**Work to be completed:**
Please write out exactly the line containing "同时具备对OT与IT资产的漏" below and every line after it, through the last one, but leave out any pictures.

Records contained in a dataset
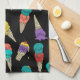 Fun Melty Summer Goth Skull Ice Cream jewel black Tea Towel
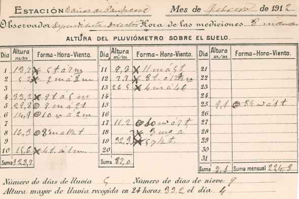 Tarjeta de anotación del Observatorio de los Baños de Panticosa. Fuente: AEMET
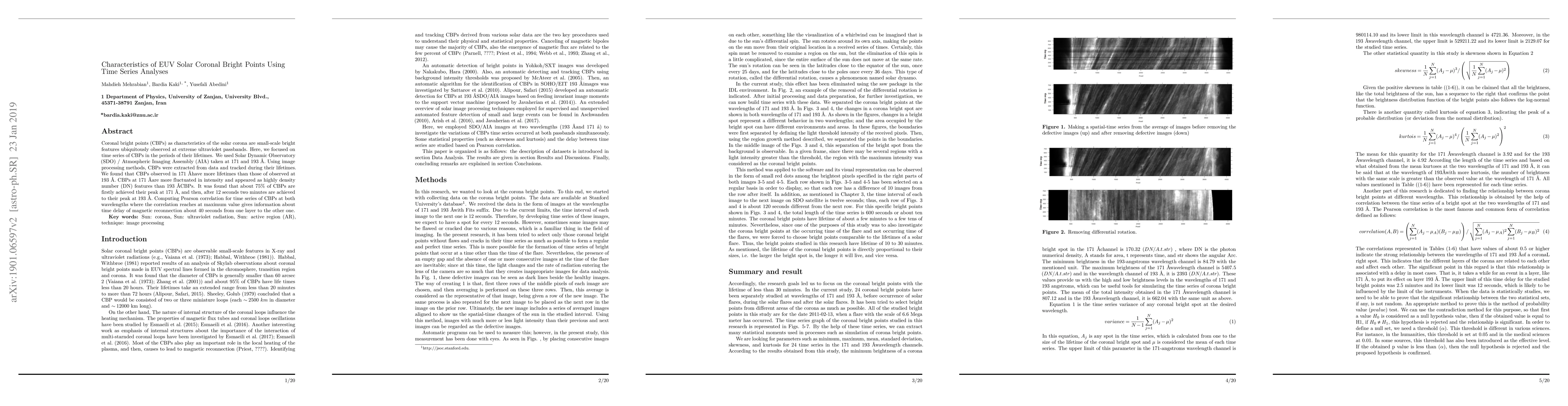 Coronal bright points (CBPs) as characteristics of the solar corona are small-scale bright features ubiquitously observed at extreme ultraviolet passbands. Here, we focused on time series of CBPs in the periods of their lifetimes. We used Solar Dynamic Observatory (SDO) / Atmospheric Imaging Assembly (AIA) taken at 171 and 193 \AA. Using image processing methods, CBPs were extracted from data and tracked during their lifetimes. We found that CBPs observed in 171 \AA have more lifetimes than those of observed at 193 \AA. CBPs at 171 \AA are more fluctuated in intensity and appeared as highly density number (DN) features than 193 \AA CBPs. It was found that about $75 \%$ of CBPs are firstly achieved their peak at 171 \AA, and then, after 12 seconds two minutes are achieved to their peak at 193 \AA. Computing Pearson correlation for time series of CBPs at both wavelengths where the correlation reaches at maximum value gives information about time delay of magnetic reconnection about 40 seconds from one layer to the other one.
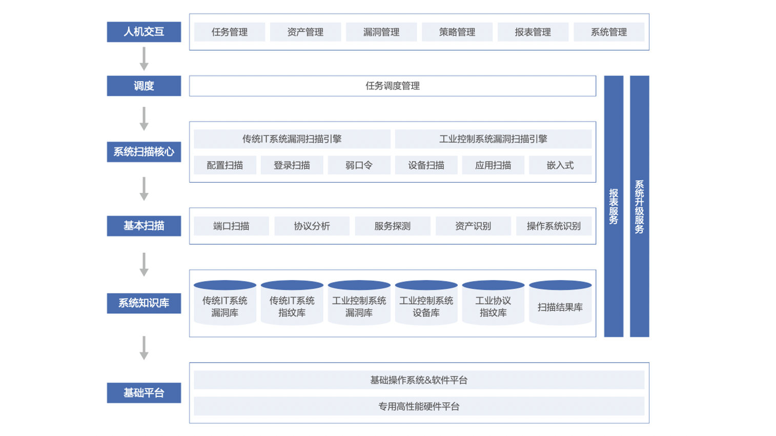 同时具备对OT与IT资产的漏洞扫描能力,包括支持传统IT资产的操作系统、服务、网络设备、WEB应 用、数据库、中间件等、Vxworks、eCos、QNX等嵌入式操作系统的漏扫扫描与配置核查。
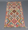 181 A white, green and tan ground Chobi Kilim runner 161cm x 72cm with all over geometric design 40-50
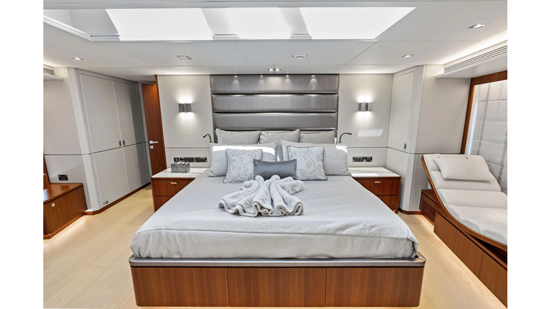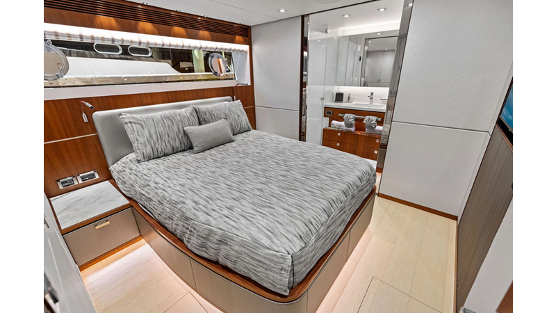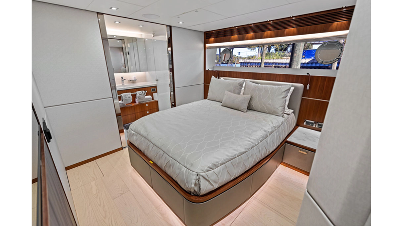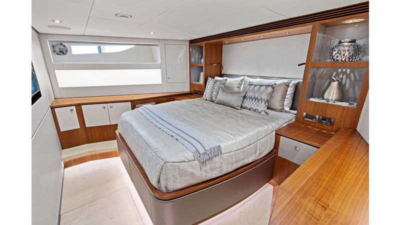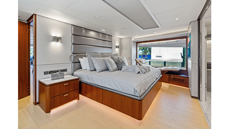 Designed by well respected naval architect Cor D Rover, the Horizon FD series revolutionized living onboard by allowing multiple lounge areas that can be utilized either while underway or at anchor. Her aggressive forward raked windows give the captain & crew excellent visibility while underway and her plumb bow or vertcile bow allows for fuel efficiency with her wave piercing bulb. The bow design also service another function as it creates valuable interior realestate allowing for substantial increased volume in the master cabin that is located forward on the main deck. Additionally space is created on the exterior that allows for a great forward facing sitting area and sunpads which is one of my favorite spaces to enjoy a sunset or cocktail cruise.

**Answer section:**
 同时具备对OT与IT资产的漏洞扫描能力,包括支持传统IT资产的操作系统、服务、网络设备、WEB应 用、数据库、中间件等、Vxworks、eCos、QNX等嵌入式操作系统的漏扫扫描与配置核查。
 181 A white, green and tan ground Chobi Kilim runner 161cm x 72cm with all over geometric design 40-50
 Designed by well respected naval architect Cor D Rover, the Horizon FD series revolutionized living onboard by allowing multiple lounge areas that can be utilized either while underway or at anchor. Her aggressive forward raked windows give the captain & crew excellent visibility while underway and her plumb bow or vertcile bow allows for fuel efficiency with her wave piercing bulb. The bow design also service another function as it creates valuable interior realestate allowing for substantial increased volume in the master cabin that is located forward on the main deck. Additionally space is created on the exterior that allows for a great forward facing sitting area and sunpads which is one of my favorite spaces to enjoy a sunset or cocktail cruise.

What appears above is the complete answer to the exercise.